Helm A/c is hard requirement. It took 5 boats in the last 10 years to finally figure that out. But an RV roof air run with my Honda 2000 gen will work. In the Aquasport tournament Master I put in a marine a/c and ran it with the gen up on the tower, but it wouldn't cool the helm. Therefore have been looking for a pilot house type boat or a WA with a hard top that can be enclosed. 

I think the WA boats should have the wider beam and a Mod V if available to have a chance to be reasonably stable at anchor and certainly at the dock. Can't have too much of a boat rock when one walks from one side to the other. I know it is possible to find one since the mid 90s Hydra Sport 2550, later called the 2750 WA worked for us. Should have kept it and added A/C and full enclosure. Trying to stay no wider than 9'6" to make the towing easier, Annual permit, flags, banners doable. Of course another advantage of the Cats are the 8'6" beams which makes towing a less complicated. Won't tow much, will keep the boat in the water, but need to be able to do some towing when we want to take out for maintenance, hurricanes, and the occasional trip now and than. Unfortunately, in the older age boats I am considering, fuel tank corrosion is a good possibility and taking a single out of a mono-hull is a lot easier than two out of a cat. Since I would like to stay with one engine, vice two, I am having a hard time convincing my self that two engines is the way to go with either a mono-hull or a cat. 
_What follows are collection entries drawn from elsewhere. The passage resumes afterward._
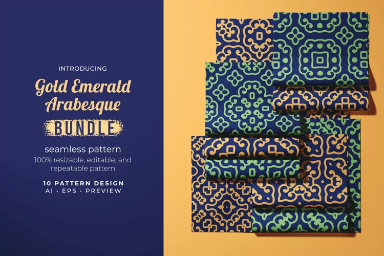 Introducing!, Gold Emerald Arabesque - Seamless Pattern- Suitable for your design needs, All elements on this template are editable with adobe illustrator! Editable and Layered"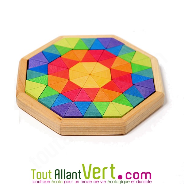 de GrimmsPuzzle créatif et petit casse-tête dans un octogone. 72 pièces triangles de couleurs en bois de forêts gérées durablement. Dimension triangle : 2,3cm x 2,3cm x 1,8cm x 1cm. Dimension 16cm. A partir de 3 ans. Marque Grimm's.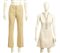 Lotto di 2 articoli : miniabito in misto cotone/seta matelassè bianco, dettagli ricamati con perline, pantalone in misto lana/cotone color beige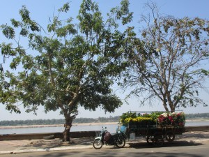 Kratie is a small town of about 7,000 people in northeastern Cambodia situated on the mighty Mekong River. It’s a sleepy little place sporting a green, tree-lined boulevard which stretches almost the entire length of the town from north to south. It’s main claim to fame is its proximity to the dolphins which inhabit the Mekong’s waters just a little north of the town.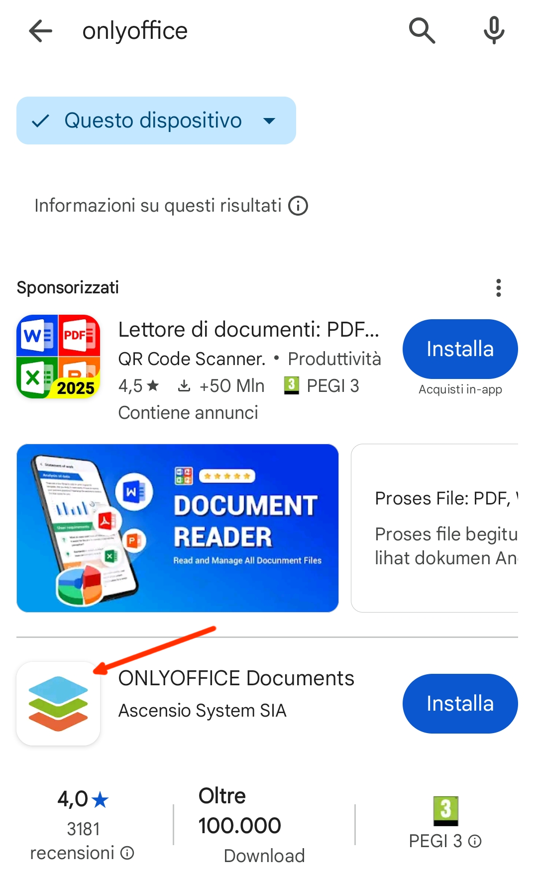 La trovate aprendo Google Play Store e cercando documenti (attenzione, non è detto che sia la prima nella lista, qui è la seconda):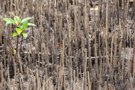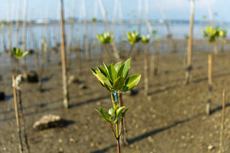 Mangrove seedlings growing in coastal wetlands nature conservation plant life bright daylight low-angle view for environmental awareness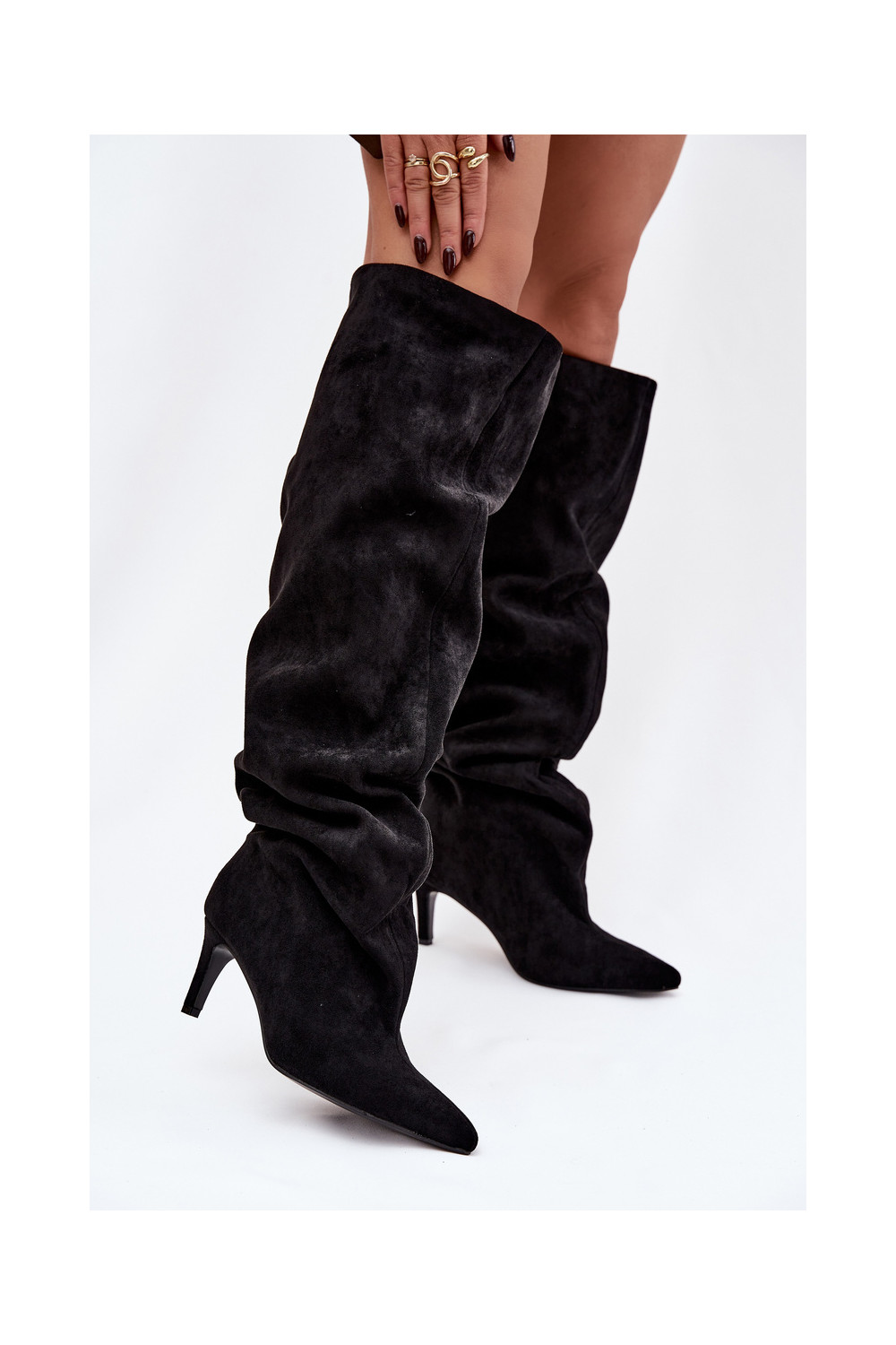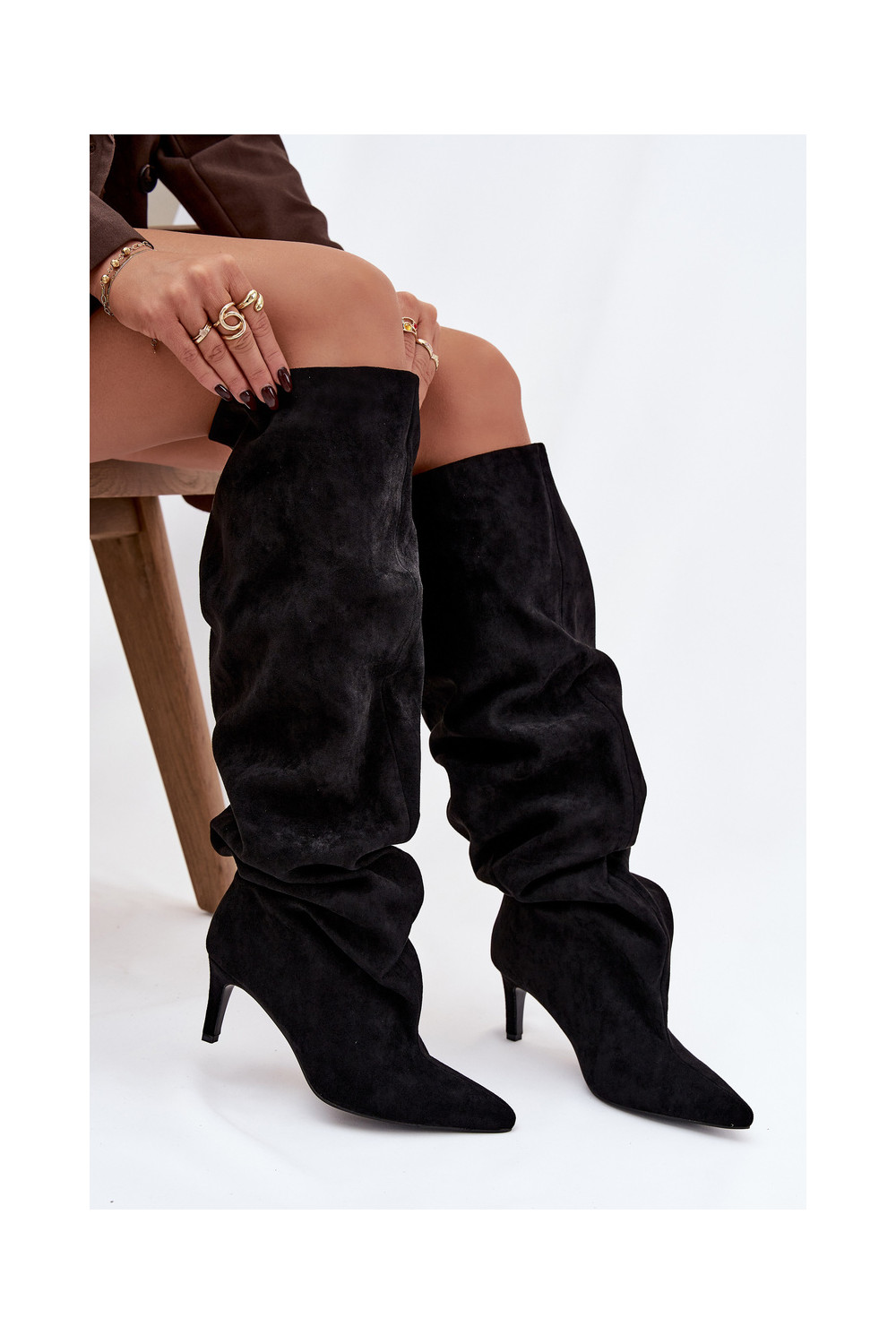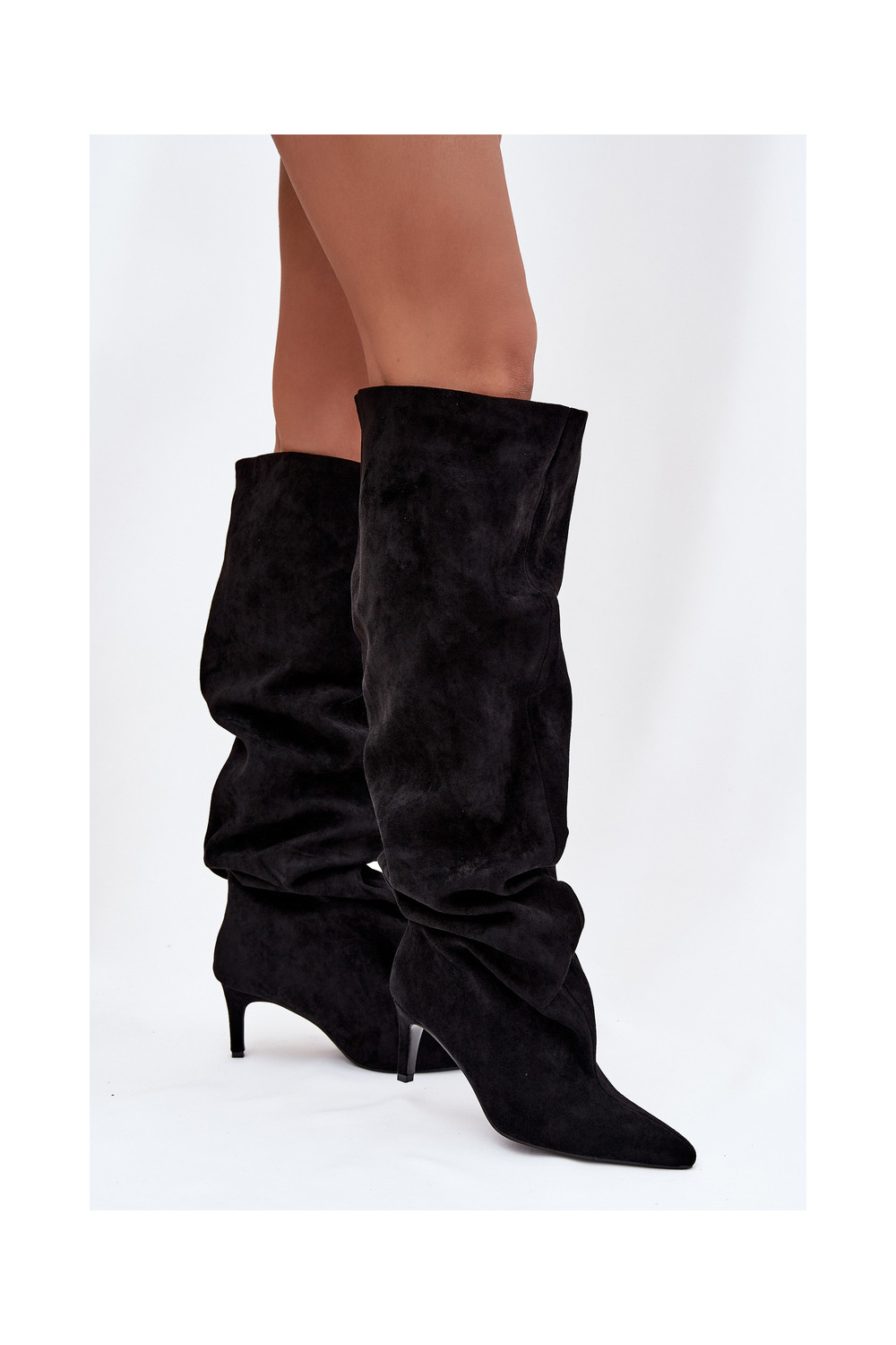 naiste pika säärega saapad kõrge jämeda kontsaga Slip-on msuud Sellel onvilla
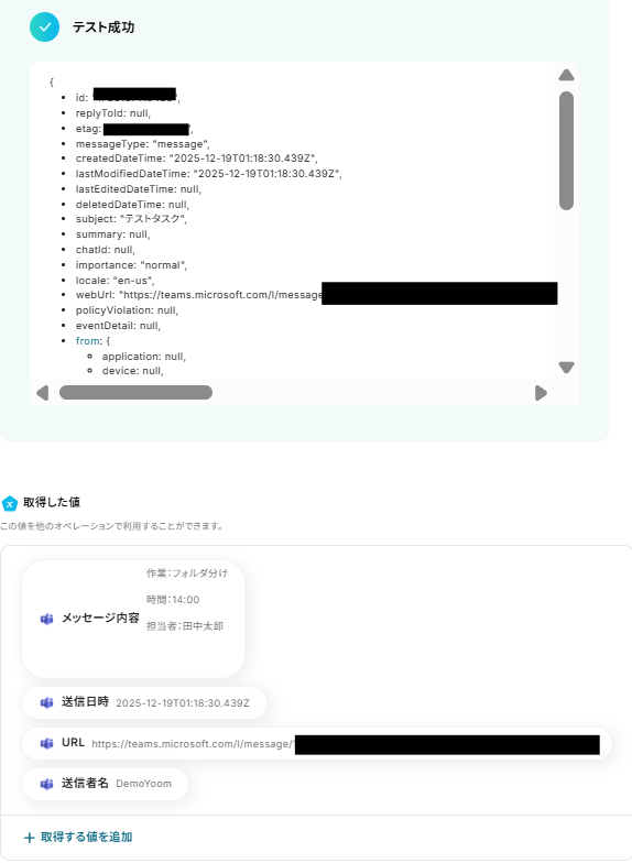 ※取得した値とは? 取得した値とは、トリガーやオペレーション設定時に、「テスト」を実行して取得した値のことを指します。 取得した値は、後続のオペレーション設定時の値として利用でき、フローボットを起動する度に、変動した値となります。詳しくは以下をご覧ください。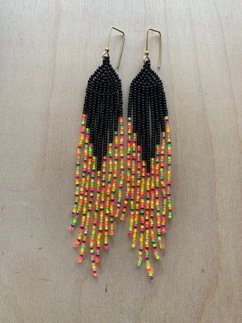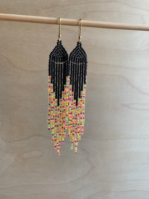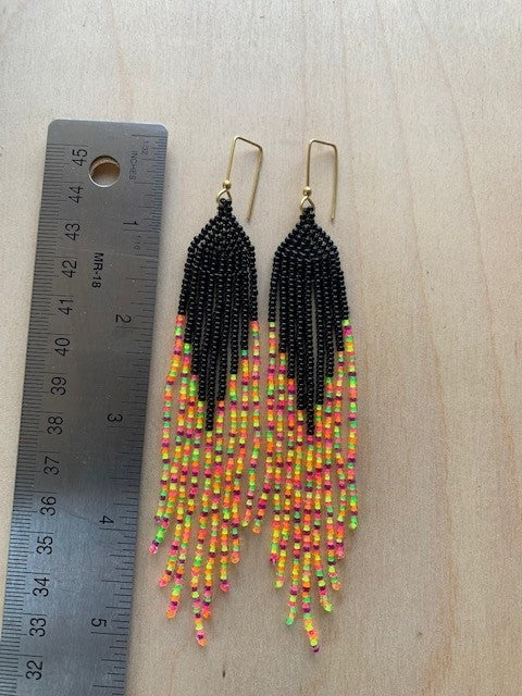 black glass seed beads with multicolor neon glass seed beads and solid brass hand-formed earring holders with solid brass bead.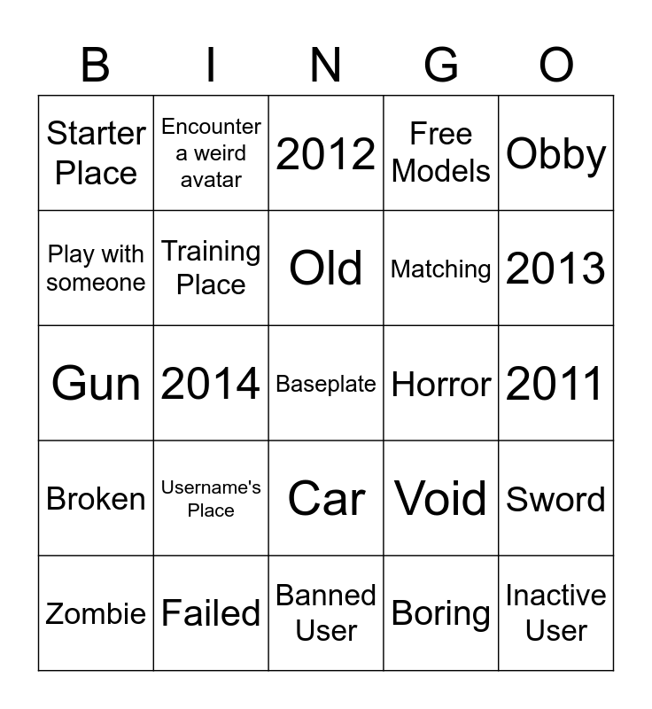This bingo card has a free space and 24 words: Username's Place, Failed, Old, Zombie, Obby, Starter Place, Play with someone, Encounter a weird avatar, Horror, Car, Matching, Gun, Void, Sword, Training Place, Boring, 2011, 2012, 2013, 2014, Inactive User, Broken, Free Models and Banned User.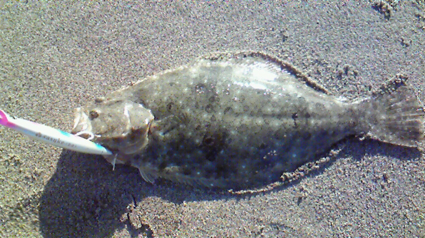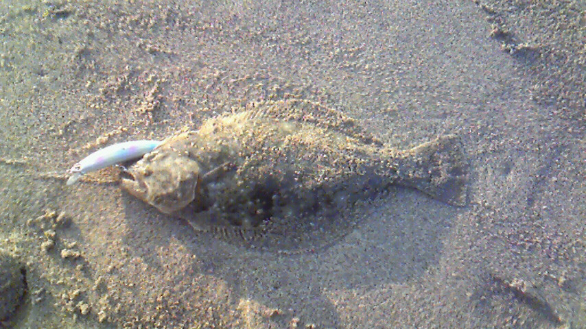 姿を見せたのは・・・ゲゲッ!50はあるヒラメ!泣

The Parker is one of the few boats that offers a pilot house type structure, comes in a Mod-V and single engine configuration. I know it will also pound in a choppy sea. For the most part we fish the bays and only in the Gulf in snapper season.


----------



## Matt Mcleod (Oct 3, 2007)

Look into a nice used 25 cuddy SeaCat. I think it might be in your price range and I've heard good things about them. I am familiar with many diffent boats/manufacturers but I have to admit I have not researched cuddy cabins extensively.


----------



## Sea-r-cy (Oct 3, 2007)

Here is an interesting link: http://www.wefings.com/archive/video/why_cat/index.html


----------



## bombtosser (Oct 5, 2007)

Searcy, do you still have your boat? http://www.pensacolafishingforum.com/f50/2003-twin-vee-140-suzuki-4-stroke-221322/ the full curtains would allow for a/c.


----------



## foxtrotuniform (Nov 11, 2013)

fighterpilot said:


> Reading more about the Glacier Bay cats and am going to pass.


Me and my dad have logged about 2,000 miles offshore on a Glacier Bay 22' in the Big Bend over the last two years. Here are my thoughts. 

That boat is a Battle Axe. It laughs at obscene sea conditions. It has more usable deck space than a 30' Contender. And its outfitting makes it an absolute joy to fish.

With twin 115's, we cruise at 30 mph fully loaded. Fuel burn is about 2.2 miles per gallon. When waves get higher than 3 feet, I usually back off to 25 mph for comfort. The worst conditions I remember running in were buoy-verified 7-foot waves and sustained 20 mph winds gusting to +30 mph. I quartered the waves and we ran at 20 mph all day.

The boat does not slam. Ever. We have been airborne long enough for me to pull the power out of the over-revving engines and it still did not slam. 

Two times we've killed an engine 30 miles offshore (through no fault of the boats), and both times it's delivered us home at about 12 mph on the remaining engine. 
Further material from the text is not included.